Those girls in there are my buddies girlfriends, not me.


----------



## Extremedsm (Jan 27, 2005)

They are in their new tank. It is not 100% done yet, but they are kicking ass in there. They swim the whole 210 gallons. They did not like to go to the top of the 75 but they do in the 210. I am going to put some sandstone in there yet, when the snow melts I am going out to my parents house where they have a bunch of it. I am going to get a couple more plants also. Here is a picture of it now.


----------



## elTwitcho (Jun 22, 2004)

Those are some damn lucky piranhas. I didn't realize the tank was anywhere near that big until you see two people sitting in it


----------



## CraigStables (Oct 5, 2003)

thats looking excellent, plus you got it cycled fast









BTW- It wouldnt actually fall through the floor (unless its exceptionally overweight) but it would just do damage to the joists underneath. I wouldnt worry though as most house floors should beable to handle that much...in theory


----------



## Fresh2salt (Jul 16, 2004)

looks great.


----------



## Extremedsm (Jan 27, 2005)

Thanks for the compliments. I did not cycle the tank. I put all the water and most of the rocks from the old tank in the new tank and let it run for a couple days before I put them in it.

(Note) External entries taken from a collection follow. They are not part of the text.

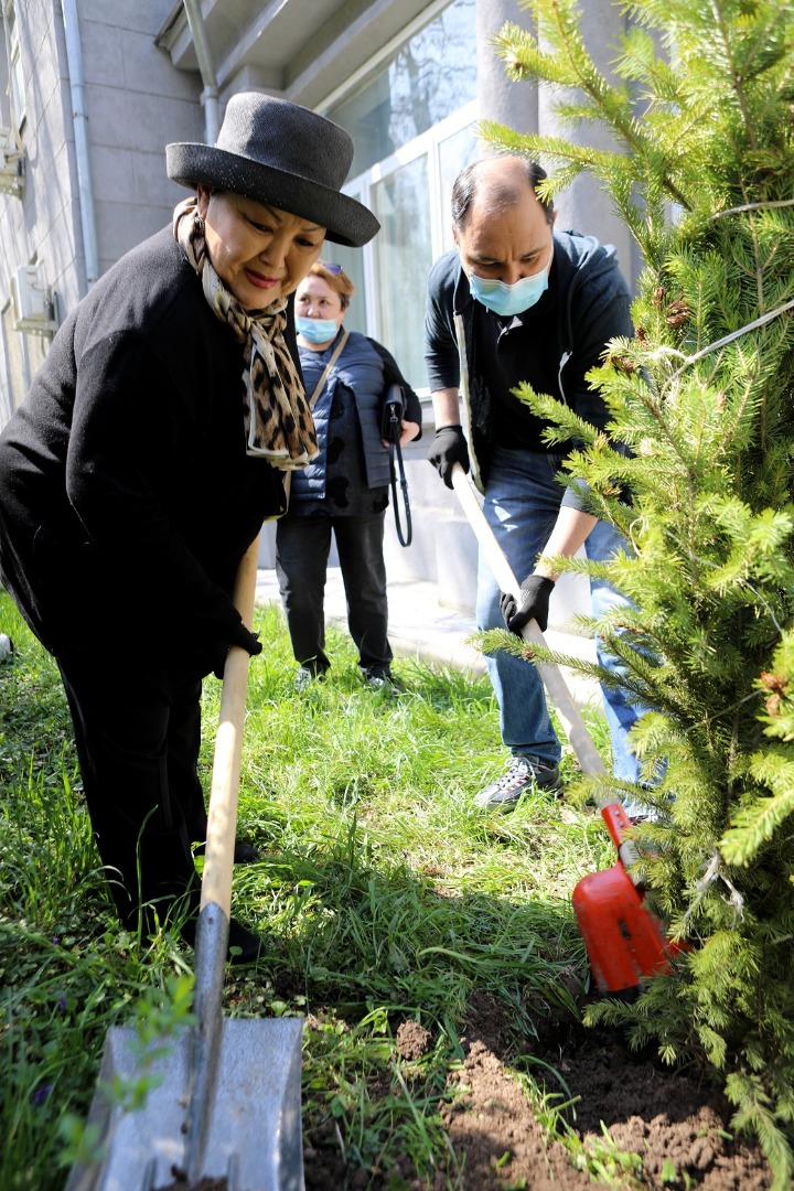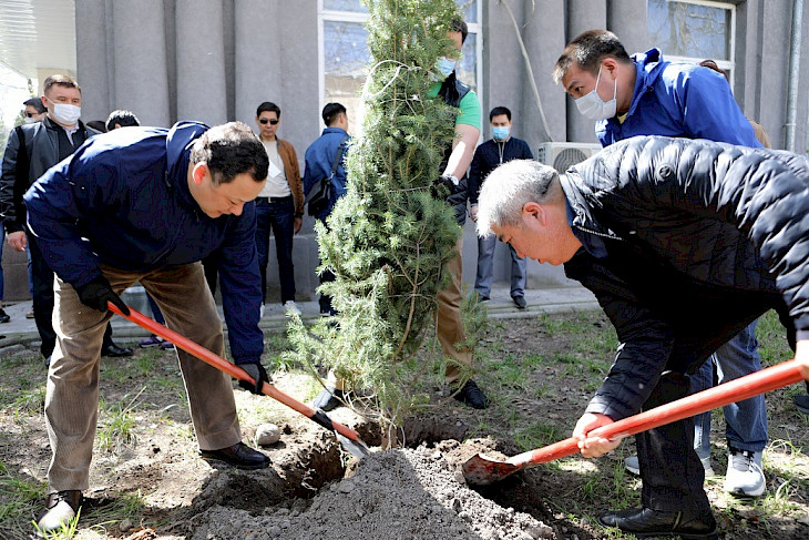 Тышкы иштер министри Руслан Казакбаев КР дипломатиялык кызматынын ардагерлери менен биргеликте Дипломатиялык академиянын имаратынын аймагына ийне жалбырактуу көчөттөрдү отургузушту.
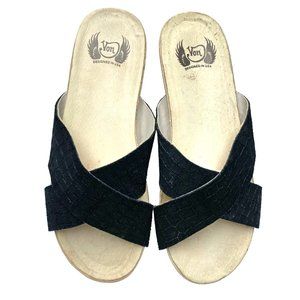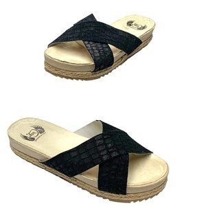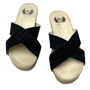 VON DUTCH Crossover Black Embossed Suede Platform Slide Sandals
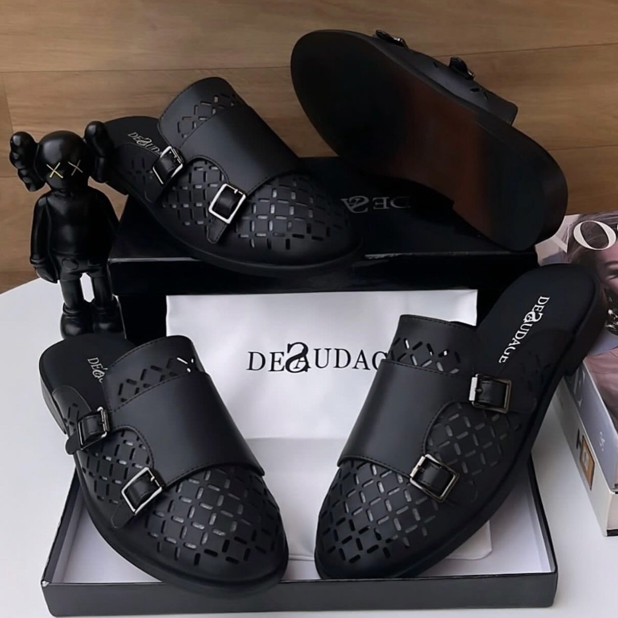 A modern fusion of comfort and style, these black slip-on mules feature a sleek perforated design and two adjustable buckles, offering an edgy and breathable choice for any warm-weather look.

It was not completly cycled but they will be fine. They are kicking ass all over the tank now. It is cool to see them swim around in the big area instead of the old set up. Now hopefully, they will breed when they get big enough. They are 5.5 inches, I hear they can start to breed at around 6.5 inches. I got them a big enough tank, so they better get busy!!!!!


----------



## hrdbyte (Feb 2, 2005)

very nice tank man... what are the measurements


----------



## Extremedsm (Jan 27, 2005)

hrdbyte said:


> very nice tank man... what are the measurements
> 
> 
> 
> ...


72x24x30


----------



## killerbee (Aug 18, 2004)

thats awesome, they love u man


----------



## Extremedsm (Jan 27, 2005)

killerbee said:


> thats awesome, they love u man
> 
> 
> 
> ...


I think they do. They swim the whole tank all day. It is cool to see them swim around in a big area.


----------